Counterexamples in algebraic topology? In this thread
Books you would like to read (if somebody would just write them...),
I expressed my desire for a book with the title "(Counter)examples in Algebraic Topology". 
My reason for doing so was that while the abstract formalism of algebraic topology is very well-explained in many textbooks and while most graduate students are fond of the general machinery, the study of examples is somehow neglected. I am looking for examples that explain why certain hypotheses are necessary for theorems to hold. The books by Hatcher and Bredon contain some interesting stuff in this direction, and there is Neil Strickland's bestiary, which is mainly focused on positive knowledge.
To convey an idea of what I am after, here are a few examples from my private ''counterexamples in algebraic topology'' list. Some are surprising, some less so.


*

*The abelianization of $SL_2 (Z)$ is $Z/12$, the map $BSL_2(Z) \to BZ/12$ is a homology equivalence to a simple space. But it is not a Quillen plus construction, since the the homotopy fibre is $BF_2$ (free group on $2$ generators), hence not acyclic. See The free group $F_2$ has index 12 in  SL(2,$\mathbb{Z}$) .

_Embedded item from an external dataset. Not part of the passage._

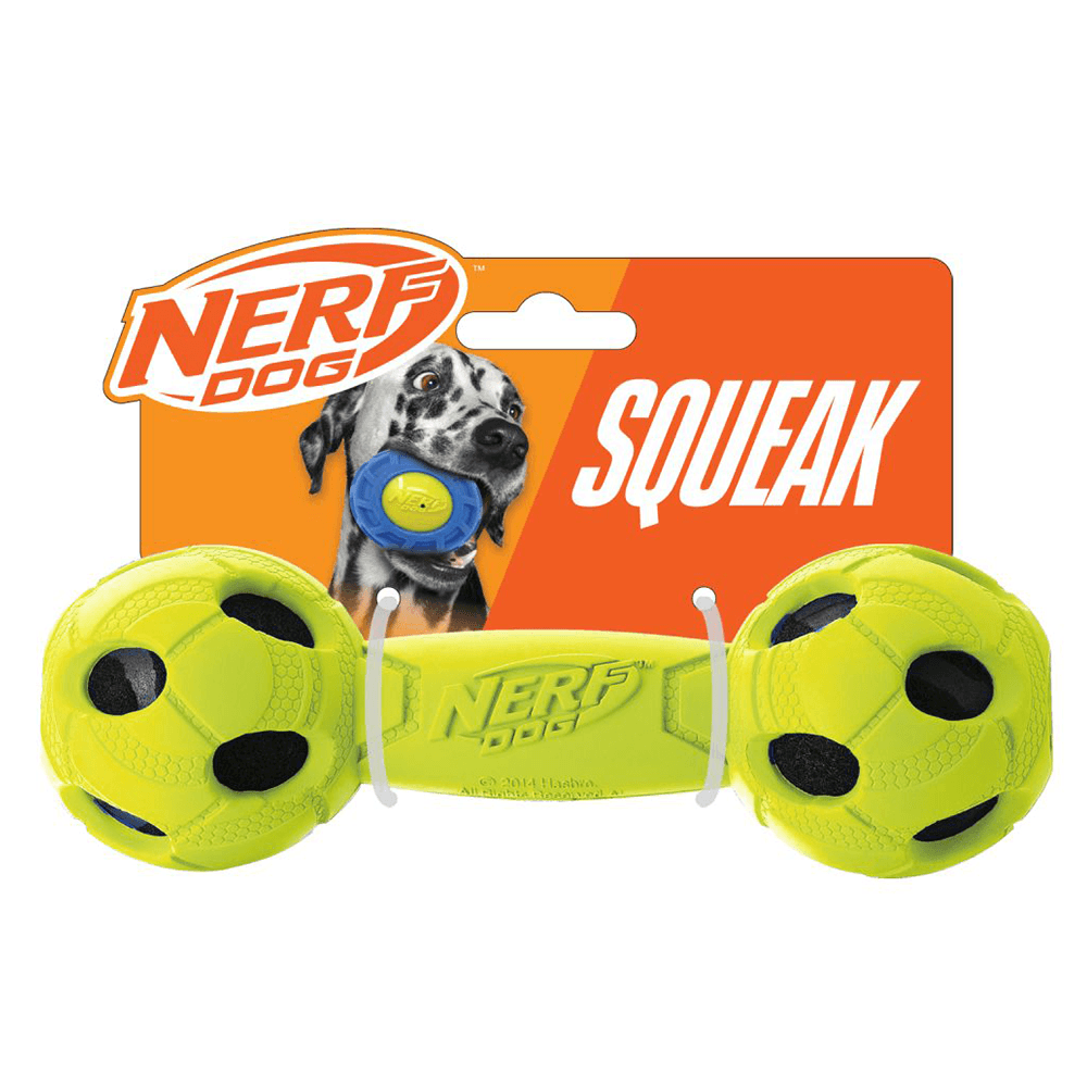 The Nerf Dog Rubber Bash Wrapped Tennis Barbell will keep your dog entertained for hours on end. Packed with tail wagging fun, the Rubber Bash Wrapped Tennis Barbell has not one, but two satisfying squeakers making it great for interactive or solo play sessions.

*Maps $f:X \to Y$ which are homology equivalences, the homotopy groups are abstractly isomorphic, but though, $f$ is not a homotopy equivalence (a number of examples has been given in the answers to these questions:
Spaces with same homotopy and homology groups that are not homotopy equivalent?, 
Are there pairs of highly connected finite CW-complexes with the same homotopy groups?).

*Self-maps of simply-connected spaces $X$ which are the identity on homotopy, but not on homology (let $X=K(Z;2) \times K(Z;4)$, $u:K(Z;2) \to K(Z;4)$ be the cup square,
and $f:X\to X$ is given by $f(x,y):= (x,y + u(x))$, using that EM-spaces are abelian groups). There are also self-maps of finite simply connected complexes that are the identity on homology, but not on homotopy, see Diarmuid Crowleys answer to Cohomology of fibrations over the circle: how to compute the ring structure?

*The stabilization map $B \Sigma_{\infty} \to B \Sigma_{\infty}$ induces a bijection on free homotopy classes $[X, B \Sigma_{\infty}]$ for each finite CW space $X$. However, it is not a homotopy equivalence (not a $\pi_1$-isomorphism).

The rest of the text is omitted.